Liebe Bergfreunde, liebe Mitglieder des Wasserburger Alpenvereins,
dieses Ostern 2020 ist völlig anders und wird uns wohl noch lange in Erinnerung bleiben! Als Euer Vorstand möchte ich mich in dieser für uns noch nie da gewesenen schweren Zeit mit ein paar Worten an Euch wenden.
Wir alle haben wohl bis Ende Februar nicht mit solchen Auswirkungen der Corona-Krise gerechnet. Aber nun hat das Corona-Virus schnell die ganze Welt erreicht! Ein urzeitliches, winziges Wesen bringt unsere hochentwickelte Zivilisation ins Wanken. Wir hier in Deutschland können froh sein, dass wir so ein gut ausgebautes Gesundheitssystem haben. Das haben viele andere Länder nicht. Gerade die Ärmsten der Armen trifft es besonders hart.

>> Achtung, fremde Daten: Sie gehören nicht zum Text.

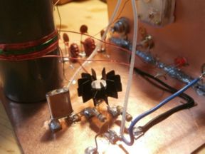 by Jim. He reports that it was "built using 2n2222a transistor and coil wound on pill bottle.
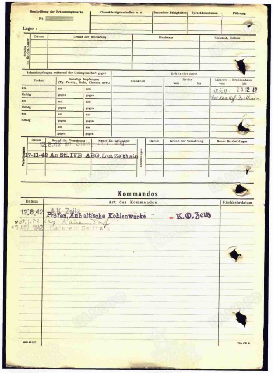 | Умер | 26.12.1942 | Kgf. Res. Lazarett Zeithain (Цайтхайн, Германия) | Умер в немецком плену, в лазарете Цайтхайн. |

Vielleicht denken wir auch daran, stellen unsere hohen Ansprüche etwas zurück und verhalten uns hilfsbereit!
Wir hier in Deutschland kommen auch mit einer Ausgangsbeschränkung relativ glimpflich davon. Wir dürfen zumindest raus, um die wichtigsten Angelegenheiten zu erledigen, wir dürfen spazieren gehen und Sport treiben. In Italien z. B. dürfen die Leute das Haus nur verlassen, um zur Arbeit zu gehen oder um einzukaufen. Selbst den Freunden im Trentino oder im Sarntal ist es bei Strafe verboten, eine Bergtour sozusagen hinterm Haus zu machen.
Freilich hat es vielen von uns nicht gefallen, dass wir uns beim Alpenverein Wasserburg frühzeitig entschlossen haben, alle AV-Touren bis auf weiteres abzusagen und auch das AV-Büro sowie die Kletterwand zu schließen. Es wäre uns aufgrund der Vorgaben der Bayerischen Staatsregierung und der Bundesregierung sowieso nichts anders übrig geblieben. Dass auch Reisebusfahrten verboten wurden, bedeutete die Einstellung unserer Gemeinschaftsfahrten mit dem Strahlhuber-Bus. Dies ist eine schwere Belastung für die Busunternehmer, denn wie bei vielen Firmen brechen die Einnahmen weg. Da muss sich erst zeigen, wie staatliche Hilfen wirken und welche Betriebe das überstehen.
Wir Bergsteiger glauben, es trifft uns besonders hart, dass wir nicht mehr in die Berge gehen dürfen. Aber ich denke, dass wir uns mit Jammern in dieser Hinsicht zurückhalten sollten, denn andere haben viel schlimmere Sorgen und oft Existenzängste. Bei manchen geht es ums nackte Überleben, wie ich von einigen Fällen aus näherer Umgebung weiß!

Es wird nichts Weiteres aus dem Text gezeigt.